Dataset records:
^^^^^^^^
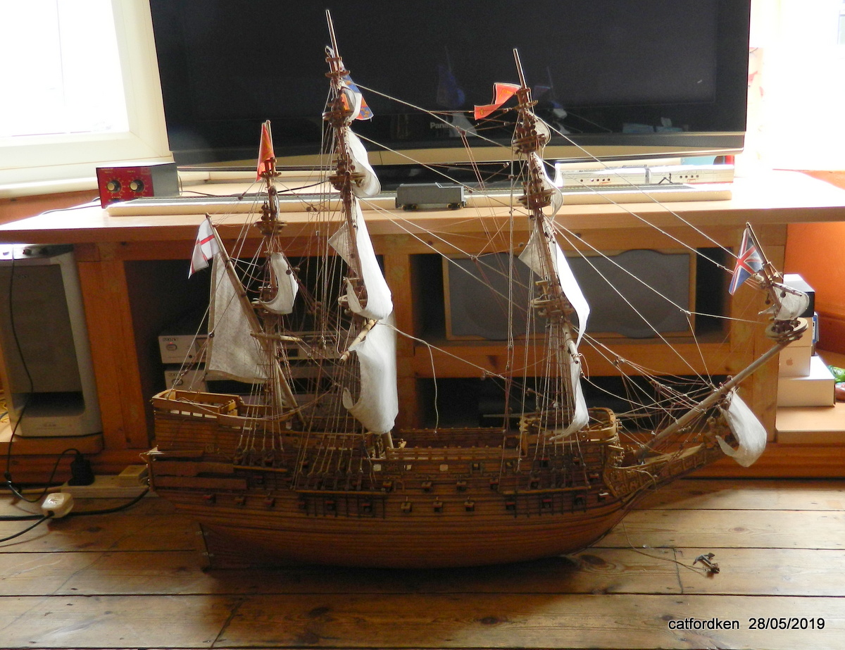 not been here much last week,due to finding this 1/78th scale sovereign of the seas british battleship,its big as can be seen by size of it in front of a 50 tv,and made by mantua of italy?
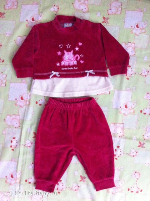 Велюр. Размер 62 (в реале до 68, кофта — до 74)
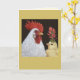 Rooster with admiring peep wearing Indian paintbrush hat
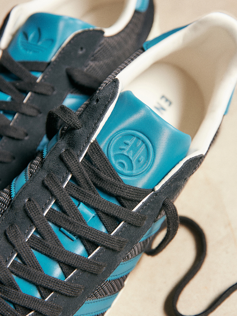 At the centre of the ‘Grass Roots’ collection sits the Gazelle Indoor Pro, reimagined in a black, white, and teal palette that pays tribute to END.’s hometown club colours. The silhouette maintains everything fans love about the classic terrace shoe while introducing subtle, bespoke twists that make it unmistakably END. Teal Three Stripes line the sides, while co-branded logos grace the heel tab, tongue, and insole – small details that nod to both football fandom and design finesse.
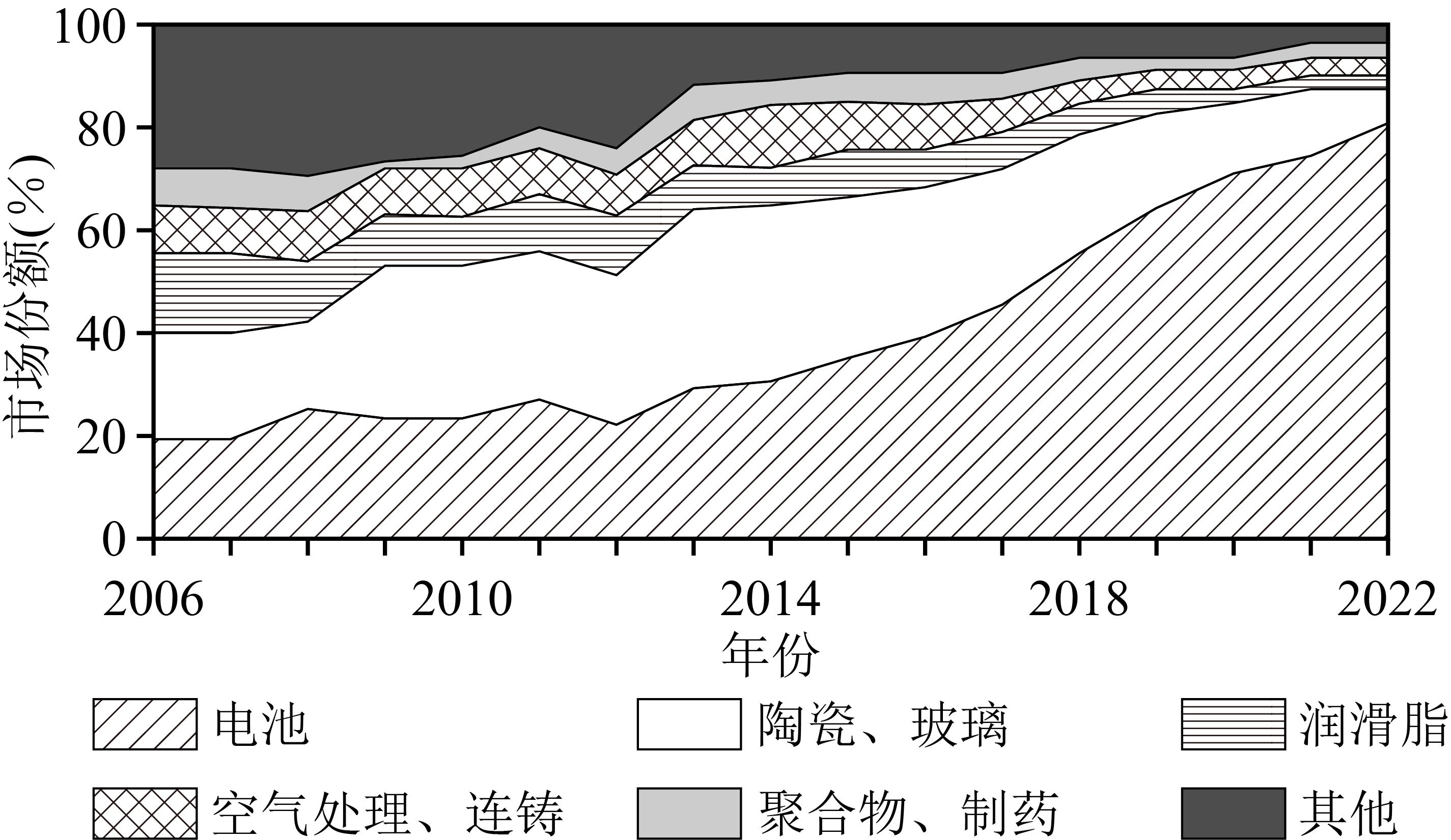 锂是我国战略性矿产资源,也是重要的能源金属。下图为2006~2022年全球锂应用行业市场份额图。完成下面小题。
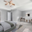 Upstairs, the owner’s suite is a private sanctuary with a tray ceiling, spacious sitting area, and a spa-like en suite bath complete with dual vanities, a soaking tub, and a glass-enclosed shower. Three additional bedrooms provide flexibility for family, guests, or work-from-home needs.
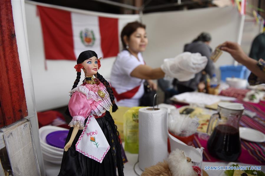 Participantes venden alimentos típicos durante la 9 edición de la Fiesta de las Migraciones, en Montevideo, capital de Uruguay, el 24 de noviembre de 2018. Esta fiesta, que se lleva a cabo del 24 al 25 de noviembre, es el mayor evento de los colectivos migrantes que se realiza en Uruguay, organizada por la Red de Apoyo al Migrante y el Museo de las Migraciones (MUMI), a través del Departamento de Cultura de la Intendencia de Montevideo, y presenta manifestaciones culturales, bailes y espectáculos típicos de los países representados, además de invitar al público a conocer y degustar alimentos y bebidas propias de cada colectivo, de acuerdo con información de la prensa local. (Xinhua/Nicolás Celaya)
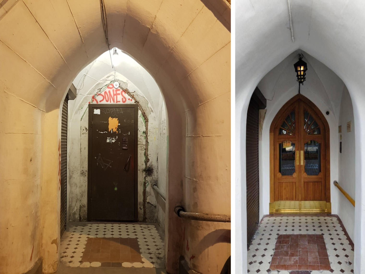 Двери Дома акционерного общества «Арина» до и после реставрации © Алексей Храмов, Фонд «Внимание»
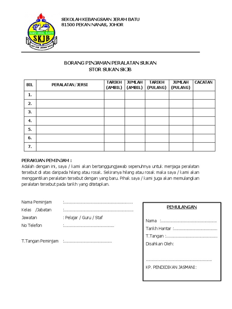 Borang Pinjaman Peralatan Sukan
^^^^^^^^
■ Problem to work on
Return every entry above exactly. Pictures stay out.

■ Exercise answer
 not been here much last week,due to finding this 1/78th scale sovereign of the seas british battleship,its big as can be seen by size of it in front of a 50 tv,and made by mantua of italy?
 Велюр. Размер 62 (в реале до 68, кофта — до 74)
 Rooster with admiring peep wearing Indian paintbrush hat
 At the centre of the ‘Grass Roots’ collection sits the Gazelle Indoor Pro, reimagined in a black, white, and teal palette that pays tribute to END.’s hometown club colours. The silhouette maintains everything fans love about the classic terrace shoe while introducing subtle, bespoke twists that make it unmistakably END. Teal Three Stripes line the sides, while co-branded logos grace the heel tab, tongue, and insole – small details that nod to both football fandom and design finesse.
 锂是我国战略性矿产资源,也是重要的能源金属。下图为2006~2022年全球锂应用行业市场份额图。完成下面小题。
 Upstairs, the owner’s suite is a private sanctuary with a tray ceiling, spacious sitting area, and a spa-like en suite bath complete with dual vanities, a soaking tub, and a glass-enclosed shower. Three additional bedrooms provide flexibility for family, guests, or work-from-home needs.
 Participantes venden alimentos típicos durante la 9 edición de la Fiesta de las Migraciones, en Montevideo, capital de Uruguay, el 24 de noviembre de 2018. Esta fiesta, que se lleva a cabo del 24 al 25 de noviembre, es el mayor evento de los colectivos migrantes que se realiza en Uruguay, organizada por la Red de Apoyo al Migrante y el Museo de las Migraciones (MUMI), a través del Departamento de Cultura de la Intendencia de Montevideo, y presenta manifestaciones culturales, bailes y espectáculos típicos de los países representados, además de invitar al público a conocer y degustar alimentos y bebidas propias de cada colectivo, de acuerdo con información de la prensa local. (Xinhua/Nicolás Celaya)
 Двери Дома акционерного общества «Арина» до и после реставрации © Алексей Храмов, Фонд «Внимание»
 Borang Pinjaman Peralatan Sukan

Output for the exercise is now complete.